(Extracted data entries)

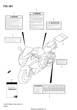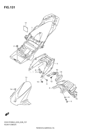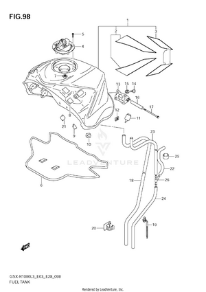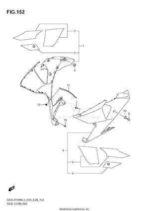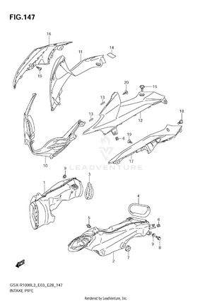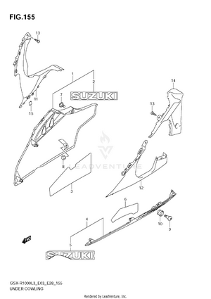 2ND AIR AIR CLEANER BATTERY (GSX-R1000L3 E03) BATTERY (GSX-R1000L3 E28) BATTERY (GSX-R1000L3 E33) BATTERY (GSX-R1000ZL3 E03) BATTERY (GSX-R1000ZL3 E28) BATTERY (GSX-R1000ZL3 E33) BODY COWL COVER CAM CHAIN CAMSHAFT - VALVE CLUTCH COWLING BODY (GSX-R1000L3 E03) COWLING BODY (GSX-R1000L3 E28) COWLING BODY (GSX-R1000L3 E33) COWLING BODY (GSX-R1000ZL3 E03) COWLING BODY (GSX-R1000ZL3 E28) COWLING BODY (GSX-R1000ZL3 E33) CRANK BALANCER CRANKCASE CRANKCASE COVER CRANKSHAFT CYLINDER HEAD CYLINDER HEAD COVER ELECTRICAL (GSX-R1000L3 E03) ELECTRICAL (GSX-R1000L3 E28) ELECTRICAL (GSX-R1000L3 E33) ELECTRICAL (GSX-R1000ZL3 E03) ELECTRICAL (GSX-R1000ZL3 E28) ELECTRICAL (GSX-R1000ZL3 E33) EVAP SYSTEM (GSX-R1000L3 E33) EVAP SYSTEM (GSX-R1000ZL3 E33) FOOTREST FRAME (GSX-R1000L3 E03) FRAME (GSX-R1000L3 E28) FRAME (GSX-R1000L3 E33) FRAME (GSX-R1000ZL3 E03) FRAME (GSX-R1000ZL3 E28) FRAME (GSX-R1000ZL3 E33) FRAME CENTER COVER (GSX-R1000L3 E03) FRAME CENTER COVER (GSX-R1000L3 E28) FRAME CENTER COVER (GSX-R1000L3 E33) FRAME CENTER COVER (GSX-R1000ZL3 E03) FRAME CENTER COVER (GSX-R1000ZL3 E28) FRAME CENTER COVER (GSX-R1000ZL3 E33) FRAME COVER (GSX-R1000L3 E03) FRAME COVER (GSX-R1000L3 E28) FRAME COVER (GSX-R1000L3 E33) FRAME COVER (GSX-R1000ZL3 E03) FRAME SIDE COVER FRONT BRAKE HOSE FRONT CALIPER (GSX-R1000L3 E03) FRONT CALIPER (GSX-R1000L3 E28) FRONT CALIPER (GSX-R1000L3 E33) FRONT CALIPER (GSX-R1000ZL3 E03) FRONT CALIPER (GSX-R1000ZL3 E28) FRONT CALIPER (GSX-R1000ZL3 E33) FRONT DAMPER (GSX-R1000L3 E03) FRONT DAMPER (GSX-R1000L3 E28) FRONT DAMPER (GSX-R1000L3 E33) FRONT DAMPER (GSX-R1000ZL3 E03) FRONT DAMPER (GSX-R1000ZL3 E28) FRONT DAMPER (GSX-R1000ZL3 E33) FRONT FENDER (GSX-R1000L3 E03) FRONT FENDER (GSX-R1000L3 E28) FRONT FENDER (GSX-R1000L3 E33) FRONT FENDER (GSX-R1000ZL3 E03) FRONT FENDER (GSX-R1000ZL3 E28) FRONT FENDER (GSX-R1000ZL3 E33) FRONT MASTER CYLINDER FRONT WHEEL (GSX-R1000L3 E03) FRONT WHEEL (GSX-R1000L3 E28) FRONT WHEEL (GSX-R1000L3 E33) FRONT WHEEL (GSX-R1000ZL3 E03) FRONT WHEEL (GSX-R1000ZL3 E28) FRONT WHEEL (GSX-R1000ZL3 E33) FUEL PUMP FUEL TANK (GSX-R1000L3 E03) FUEL TANK (GSX-R1000L3 E28) FUEL TANK (GSX-R1000L3 E33) FUEL TANK (GSX-R1000ZL3 E03) FUEL TANK (GSX-R1000ZL3 E28) FUEL TANK (GSX-R1000ZL3 E33) FUEL TANK FRONT COVER (GSX-R1000L3 E03) FUEL TANK FRONT COVER (GSX-R1000L3 E28) FUEL TANK FRONT COVER (GSX-R1000L3 E33) FUEL TANK FRONT COVER (GSX-R1000ZL3 E03) FUEL TANK FRONT COVER (GSX-R1000ZL3 E28) FUEL TANK FRONT COVER (GSX-R1000ZL3 E33) GASKET SET GEAR SHIFTING GENERATOR HANDLE LEVER HANDLE SWITCH HANDLEBAR HEADLAMP (GSX-R1000L3 E03) HEADLAMP (GSX-R1000L3 E28) HEADLAMP (GSX-R1000L3 E33) HEADLAMP (GSX-R1000ZL3 E03) HEADLAMP (GSX-R1000ZL3 E28) HEADLAMP (GSX-R1000ZL3 E33) INTAKE PIPE (GSX-R1000L3 E03) INTAKE PIPE (GSX-R1000L3 E28) INTAKE PIPE (GSX-R1000L3 E33) INTAKE PIPE (GSX-R1000ZL3 E03) INTAKE PIPE (GSX-R1000ZL3 E28) INTAKE PIPE (GSX-R1000ZL3 E33) LABEL (GSX-R1000L3 E03) LABEL (GSX-R1000L3 E28) LABEL (GSX-R1000L3 E33) LABEL (GSX-R1000ZL3 E03) LABEL (GSX-R1000ZL3 E28) LABEL (GSX-R1000ZL3 E33) MUFFLER (GSX-R1000L3 E03) MUFFLER (GSX-R1000L3 E28) MUFFLER (GSX-R1000L3 E33) MUFFLER (GSX-R1000ZL3 E03) MUFFLER (GSX-R1000ZL3 E28) MUFFLER (GSX-R1000ZL3 E33) OIL COOLER OIL PAN - OIL PUMP OPTIONAL PARTS HOLDER BRACKET RADIATOR (GSX-R1000L3 E03) RADIATOR (GSX-R1000L3 E28) RADIATOR (GSX-R1000L3 E33) RADIATOR (GSX-R1000ZL3 E03) RADIATOR (GSX-R1000ZL3 E28) RADIATOR (GSX-R1000ZL3 E33) RADIATOR HOSE REAR CALIPER REAR COMBINATION LAMP (GSX-R1000L3 E03) REAR COMBINATION LAMP (GSX-R1000L3 E28) REAR COMBINATION LAMP (GSX-R1000L3 E33) REAR COMBINATION LAMP (GSX-R1000ZL3 E03) REAR COMBINATION LAMP (GSX-R1000ZL3 E28) REAR COMBINATION LAMP (GSX-R1000ZL3 E33) REAR CUSHION LEVER (GSX-R1000L3 E03) REAR CUSHION LEVER (GSX-R1000L3 E28) REAR CUSHION LEVER (GSX-R1000L3 E33) REAR CUSHION LEVER (GSX-R1000ZL3 E03) REAR CUSHION LEVER (GSX-R1000ZL3 E28) REAR CUSHION LEVER (GSX-R1000ZL3 E33) REAR FENDER (GSX-R1000L3 E03) REAR FENDER (GSX-R1000L3 E28) REAR FENDER (GSX-R1000L3 E33) REAR FENDER (GSX-R1000ZL3 E03) REAR FENDER (GSX-R1000ZL3 E28) REAR FENDER (GSX-R1000ZL3 E33) REAR MASTER CYLINDER REAR SWINGING ARM (GSX-R1000L3 E03) REAR SWINGING ARM (GSX-R1000L3 E28) REAR SWINGING ARM (GSX-R1000L3 E33) REAR SWINGING ARM (GSX-R1000ZL3 E03) REAR SWINGING ARM (GSX-R1000ZL3 E28) REAR SWINGING ARM (GSX-R1000ZL3 E33) REAR WHEEL (GSX-R1000L3 E03) REAR WHEEL (GSX-R1000L3 E28) REAR WHEEL (GSX-R1000L3 E33) REAR WHEEL (GSX-R1000ZL3 E03) REAR WHEEL (GSX-R1000ZL3 E28) REAR WHEEL (GSX-R1000ZL3 E33) SEAT SEAT TAIL BOX (GSX-R1000ZL3 E03) SEAT TAIL BOX (GSX-R1000ZL3 E28) SEAT TAIL BOX (GSX-R1000ZL3 E33) SEAT TAIL BOX (OPTIONAL) (GSX-R1000L3 E03) SEAT TAIL BOX (OPTIONAL) (GSX-R1000L3 E28) SEAT TAIL BOX (OPTIONAL) (GSX-R1000L3 E33) SIDE COWLING (GSX-R1000L3 E03) SIDE COWLING (GSX-R1000L3 E28) SIDE COWLING (GSX-R1000L3 E33) SIDE COWLING (GSX-R1000ZL3 E03) SIDE COWLING (GSX-R1000ZL3 E28) SIDE COWLING (GSX-R1000ZL3 E33) SIGNAL GENERATOR SPEEDOMETER (GSX-R1000L3 E03) SPEEDOMETER (GSX-R1000L3 E28) SPEEDOMETER (GSX-R1000L3 E33) SPEEDOMETER (GSX-R1000ZL3 E03) SPEEDOMETER (GSX-R1000ZL3 E28) SPEEDOMETER (GSX-R1000ZL3 E33) STAND STARTER CLUTCH STARTING MOTOR STEERING STEM THROTTLE BODY (GSX-R1000L3 E03) THROTTLE BODY (GSX-R1000L3 E28) THROTTLE BODY (GSX-R1000L3 E33) THROTTLE BODY (GSX-R1000ZL3 E03) THROTTLE BODY (GSX-R1000ZL3 E28) THROTTLE BODY (GSX-R1000ZL3 E33) THROTTLE BODY HOSE/JOINT (GSX-R1000L3 E03) THROTTLE BODY HOSE/JOINT (GSX-R1000L3 E28) THROTTLE BODY HOSE/JOINT (GSX-R1000L3 E33) THROTTLE BODY HOSE/JOINT (GSX-R1000ZL3 E03) THROTTLE BODY HOSE/JOINT (GSX-R1000ZL3 E28) THROTTLE BODY HOSE/JOINT (GSX-R1000ZL3 E33) TRANSMISSION TURNSIGNAL LAMP UNDER COWLING (GSX-R1000L3 E03) UNDER COWLING (GSX-R1000L3 E28) UNDER COWLING (GSX-R1000L3 E33) UNDER COWLING (GSX-R1000ZL3 E03) UNDER COWLING (GSX-R1000ZL3 E28) UNDER COWLING (GSX-R1000ZL3 E33) WATER PUMP WIRING HARNESS (GSX-R1000L3 E03) WIRING HARNESS (GSX-R1000L3 E28) WIRING HARNESS (GSX-R1000L3 E33) WIRING HARNE
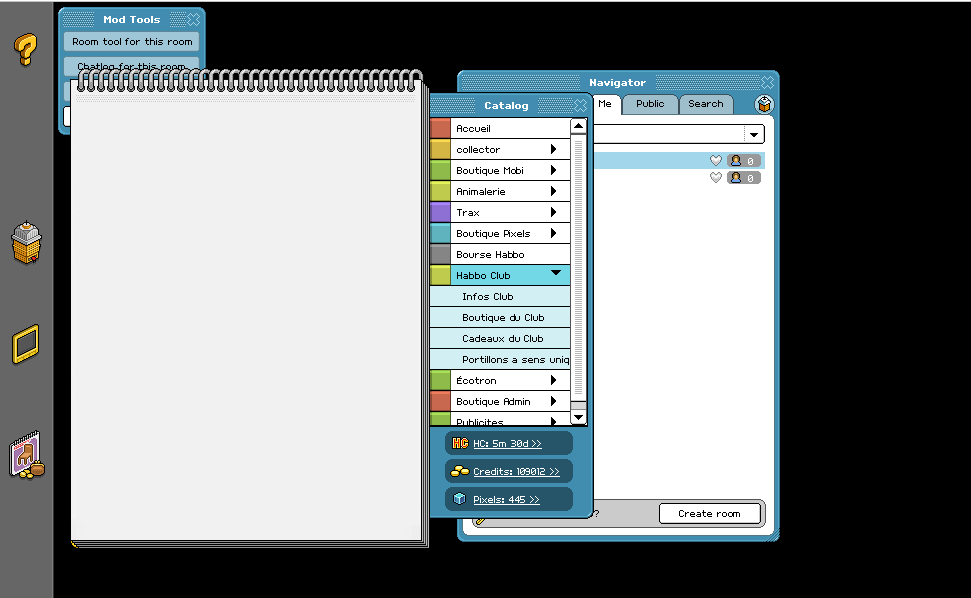 donc j'ai eux l'idée de faire un habbo retro en version 31 pour les khey, c'est le habbo de 2009 avec tout de fonctionnel, les plongeoir, les jeux battle-ball etc
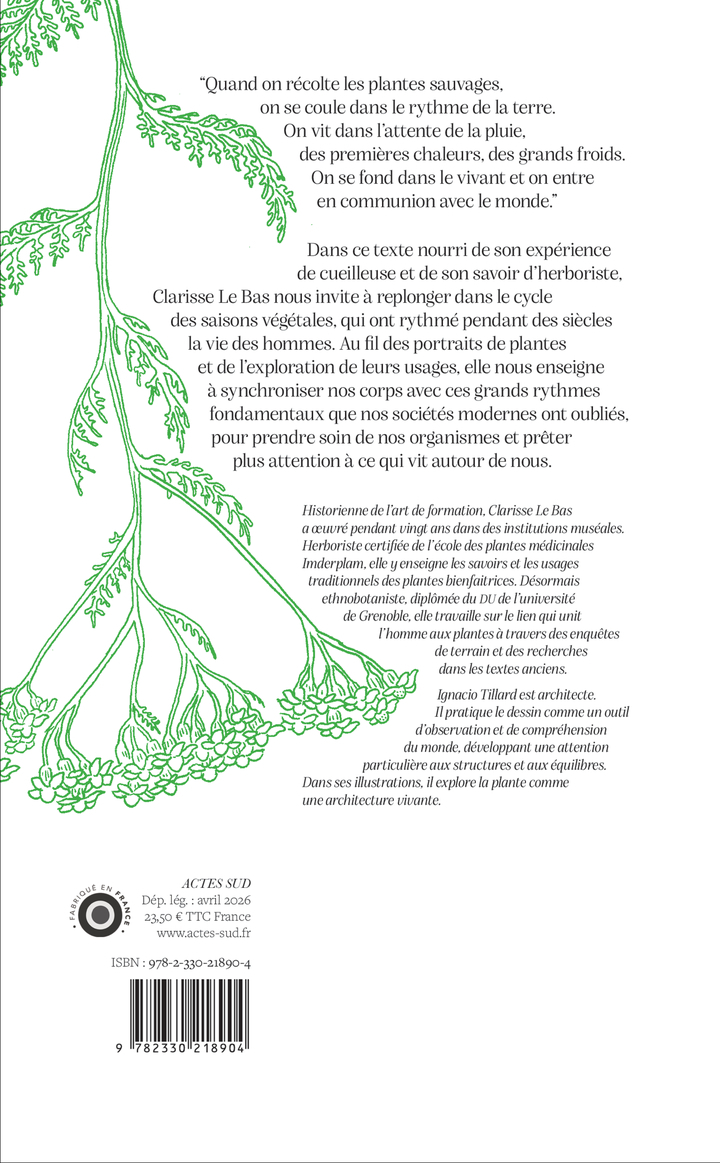 Dans ce texte nourri de son expérience de cueilleuse et de son savoir d'herboriste, Clarisse Le Bas nous invite à replonger dans le cycle des saisons végétales, qui ont rythmé pendant des siècles la vie des hommes. Au fil des portraits de plantes et de l'exploration de leurs usages, elle nous enseigne à synchroniser nos corps avec ces grands rythmes fondamentaux que nos sociétés modernes ont oubliés, pour prendre soin de nos organismes et prêter plus attention à ce qui vit autour de nous.
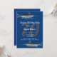 Tema de pesca, convite de aniversário para homem adulto. Imagens de espadarte em cima e em baixo na frente, e varas de pesca nas costas, decoram cartões azuis escuros com texto personalizado de cinza. Sua idade está em cinzas escuras e é parte do fundo. Isto pode ser criado para uma festa surpresa, ou não. Escolha atualizar o papel e receber descontos para ordens em massa.
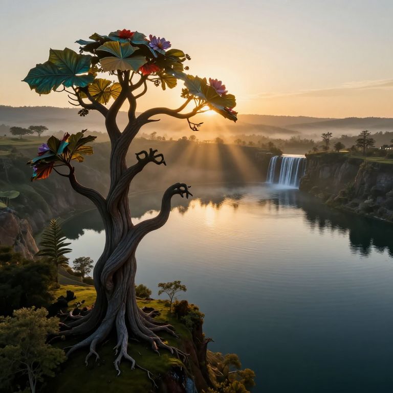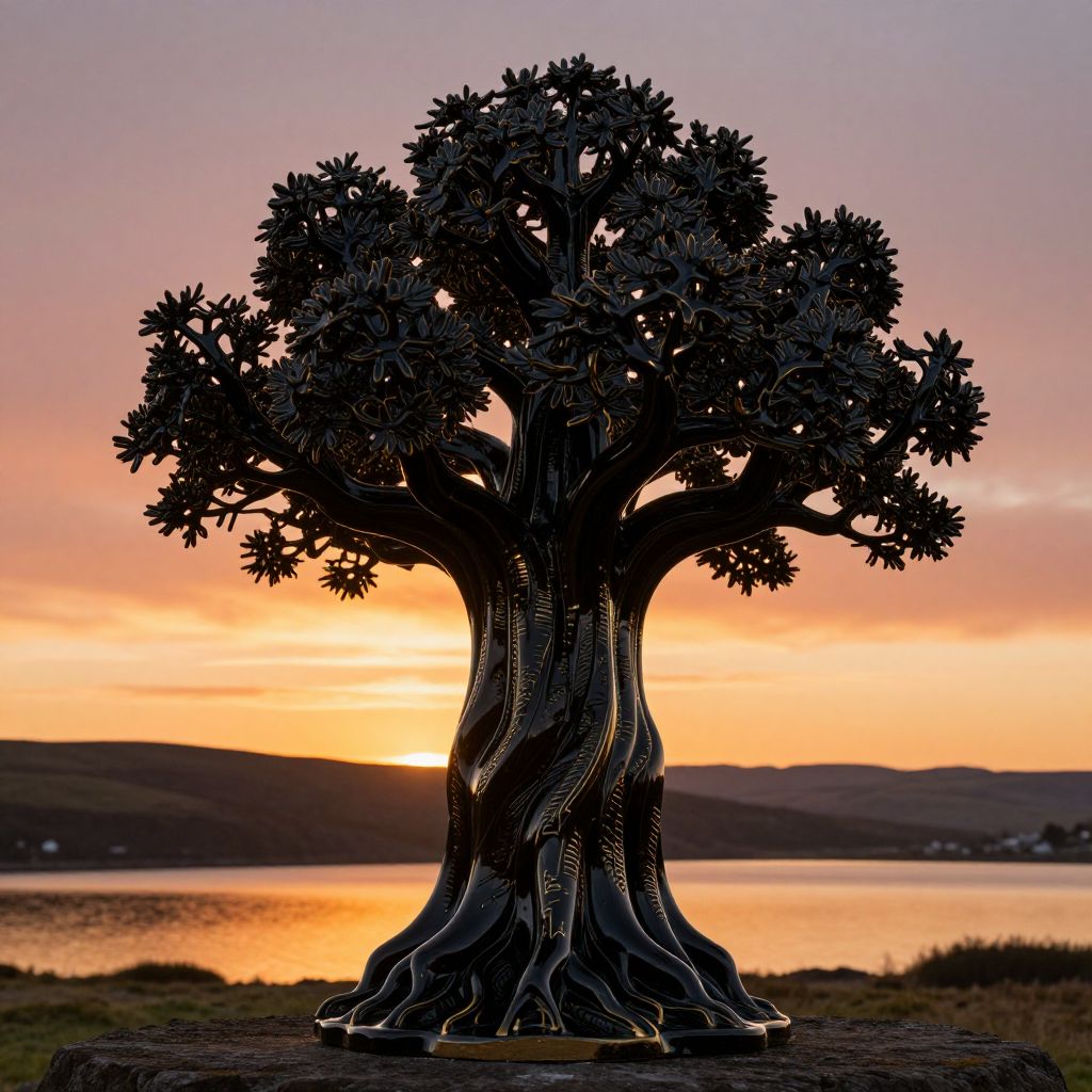 A golden hour scene features a black porcelain sculpture of a woman intertwined with a tree, evoking the image of Yggdrasil.

◆ **Work instructions**
Extract, verbatim and alone, the lines from the line that contains "donc j'ai eux" to the last line of the records, inclusive; drop any picture.

◆ **Task response**
 donc j'ai eux l'idée de faire un habbo retro en version 31 pour les khey, c'est le habbo de 2009 avec tout de fonctionnel, les plongeoir, les jeux battle-ball etc
 Dans ce texte nourri de son expérience de cueilleuse et de son savoir d'herboriste, Clarisse Le Bas nous invite à replonger dans le cycle des saisons végétales, qui ont rythmé pendant des siècles la vie des hommes. Au fil des portraits de plantes et de l'exploration de leurs usages, elle nous enseigne à synchroniser nos corps avec ces grands rythmes fondamentaux que nos sociétés modernes ont oubliés, pour prendre soin de nos organismes et prêter plus attention à ce qui vit autour de nous.
 Tema de pesca, convite de aniversário para homem adulto. Imagens de espadarte em cima e em baixo na frente, e varas de pesca nas costas, decoram cartões azuis escuros com texto personalizado de cinza. Sua idade está em cinzas escuras e é parte do fundo. Isto pode ser criado para uma festa surpresa, ou não. Escolha atualizar o papel e receber descontos para ordens em massa.
 A golden hour scene features a black porcelain sculpture of a woman intertwined with a tree, evoking the image of Yggdrasil.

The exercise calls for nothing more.